Bébert edizioni è una casa editrice nata nel settembre 2012 a Bologna - quartiere Bolognina. La sua linea editoriale si sviluppa attraverso sei collane: A colpi d’ascia (narrativa), Niandra (saggistica), 24fps (cinema), Gli Irrisolti (narrativa/micro tascabili), Neretva (micro saggistica) e International. L’aspetto grafico è minimale, l’importante è sempre quello che è scritto dentro ai libri.

Bèbert è convinta che non esista un solo modo giusto di fare le cose, bensì il modo di fare con quello che si ha. E quello che si ha andrà comunque benissimo.

www.bebert.it
https://www.facebook.com/bebertedizioni?fref=ts



Bolognina Basement è una visione centralmente periferica sul presente, sulle produzioni culturali e su cosa significa fare cultura indipendente oggi in Italia.
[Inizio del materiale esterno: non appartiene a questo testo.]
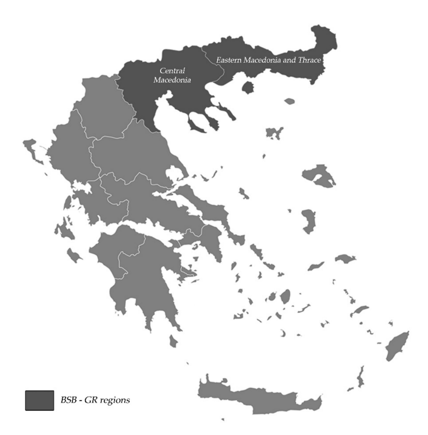
Figure 1. Study area.

According to national statistics [24], in 2019, regarding arrivals, the region of Central Macedonia contributed to Greece's tourism scene by a share of 12%. The Regional Units of Thessaloniki and Halkidiki are the two major tourist destinations in the region. Throughout 2014–2019, the region marked a considerable increase in arrivals, of 45%, though this is lower than the national average. The region of Eastern Macedonia and Thrace plays a rather limited role in the country's tourism scene, as it concentrates just 3% of the county's total arrivals in tourist accommodations. In 2019, more than half of the arrivals were recorded in the Regional Units of Kavala–Thasos (51.2%). However, the region achieved a significant increase of more than 30% in arrivals during 2014–2019. The region of Central Macedonia concentrates more than 10% of the total overnight stays in the county, while Eastern Macedonia and Thrace concentrates just 2.3%. During 2012–18, overnight stays increased in both regions.

Illustrazione, cinema, fumetto, arti urbane, letteratura e musica sono il punto di partenza per raccontare le storie di persone, luoghi, territori e relazioni, per tracciare percorsi di lettura personali e collettivi.

http://www.bologninabasement.it/
https://www.facebook.com/pages/Bolognina-Basement/664133960398759?fref=ts

Modernista

Modernista inizia la sua attività nel 2013, ha sede a Bologna e nasce dall’impatto di Damigiano Booking con il ramo booking de La Famosa Etichetta Trovarobato per offrire un nuovo stile di agenzia per e con i migliori artisti della scena musicale italiana a tutto tondo. Le attività principali di Modernista sono i concerti ed il management artistico, ma cura anche eventi speciali. Modernista è un’agenzia selettiva incentrata sul coltivare relazioni di lavoro a lungo termine con artisti, manager e promoter. Modernista è attento alle innovazioni e alla ricerca sia in campo artistico e musicale, sia nell’utilizzo di metodologie e strumenti che velocizzino il lavoro con gli interlocutori, migliorandone di conseguenza anche la qualità.
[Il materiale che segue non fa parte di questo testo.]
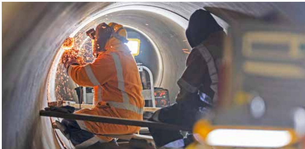
The final spark - the last section of a 31-kilometre pipe is put in place for the Hūnua 4 Watermain project.

Bringing you news, updates and information from Watercare

“Ci piacciono molto le grandi cose e le piccole cose, e piace far sì che le piccole cose diventino grandi.”

www.modernista.org

On the move è un collettivo di ragazzi e ragazze di diverse provenienze che utilizza l’hip hop come mezzo d’espressione. Nato come progetto del Coordinamento Migranti, On The Move è stato protagonista, nel corso degli anni, di eventi di diverso genere: manifestazioni, concerti e presentazioni di libri. Particolarmente attivo in Bolognina, si è da sempre distinto per aver promosso iniziative anti-razziste e per il riconoscimento della cittadinanza ai figli dei migranti. Il rap è quindi centrale per On The Move, perché è sperimentazione di nuovi linguaggi, è l’elaborazione, individuale e poi collettiva, di modi sempre nuovi per prendere la parola.